Data cleaning is always an important part in every data analysis - this applies to dealing with words as well.
Today I want to show you three cleaning techniques for words in R:
Stemming
Lemmatization
Replacing with more common synonym
But first we need some data to experiment on. For simplicity I will use the haiku_tidy object from my last post - if you have missed that one, you can download the needed R object here and use load() to add it to your environment, or you can run the code-block below to achieve the same.
if (!exists("haiku_tidy")){
if (!file.exists("haiku_tidy.RData")){
res <- tryCatch(download.file("http://bit.ly/haiku_tidy",
"haiku_tidy.RData", mode = "wb"),
error=function(e) 1)
}
load("haiku_tidy.RData")
}Next we need some basic R packages for the work flow. Further packages for the particular cleaning steps will be added when needed.
library(tidyverse) # R is better when it is tidy
library(stringr) # for string manipulationTo speed things up, we will not work on every word instance but filter out only the unique ones. If needed the results for the unique word instance can be easily mapped back to the larger data-frame. Some of the techniques I am going to present are quite computational expansive, so if you have a much larger data set, then maybe they are not feasible. I have added system.time() to the particular work-steps so that you can see and decide for yourself.
Further, we apply some basic cleaning:
- removing the possessive ending: ’s
- removing all words containing non alphabetic characters (depending on the task at hand this might be a bad idea - e.g., in social media emoticons can be very informative)
- removing missing values
lemma_unique <- haiku_tidy %>%
select(word) %>%
mutate(word_clean = str_replace_all(word,"\u2019s|'s","")) %>%
mutate(word_clean = ifelse(str_detect(word_clean,"[^[:alpha:]]"),NA,word_clean)) %>%
filter(!duplicated(word_clean)) %>%
filter(!is.na(word_clean)) %>%
arrange(word)
Table 1: head(lemma_unique)
| word | word_clean |
|---|---|
| <U+044F>s | <U+044F> |
| abandon | abandon |
| abandoned | abandoned |
| abandoning | abandoning |
| absent | absent |
| absently | absently |
Stemming
We can see in Table 1 that many words are very similar, e.g.,
- abandon, abandoned, abandoning
- add, added, adding
- apologies, apologize, apology
Based on specific rules these words can be reduced to their (word) stems. This process is called stemming.
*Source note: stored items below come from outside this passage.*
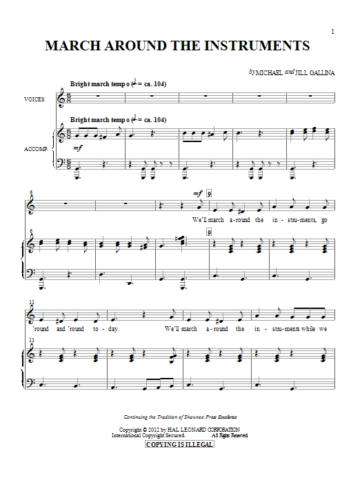 Download or print Jill Gallina March Around The Instruments sheet music, chords and digital score arranged for Choir. This Concert score includes 5 page(s).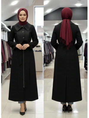 YAKASI KÜRK DETAYLI KABAN - Siyah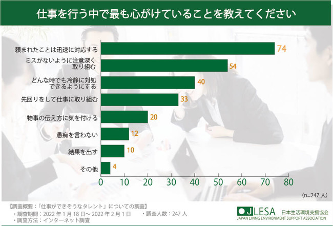 ・「たくさんの仕事を頼まれた時でも、優先順位をつけ、順番になるべく迅速に対応するようにしている。」20代女性/会社員)

In R this can be done with the SnowballC package.
library(SnowballC)system.time(
lemma_unique<-lemma_unique %>%
mutate(word_stem = wordStem(word_clean, language="english"))
)#> user system elapsed
#> 0.02 0.00 0.02
Positive points for stemming are:
- It is super fast (just take a look at the
system.time()) - Algorithms exist for many languages
- It groups together related words
Negative points for stemming are:
- Stems are not always words themselves (very problematic if you plan to work with a lexicon)
- Sometimes words are grouped together, which are not related
- Sometimes related words are not groups together
Lemmatization
In contrast to stemming, lemmatization is much more sophisticated. Lemmatization is the process of grouping together the inflected forms of a word. The resulting lemma can be analyzed as a single item.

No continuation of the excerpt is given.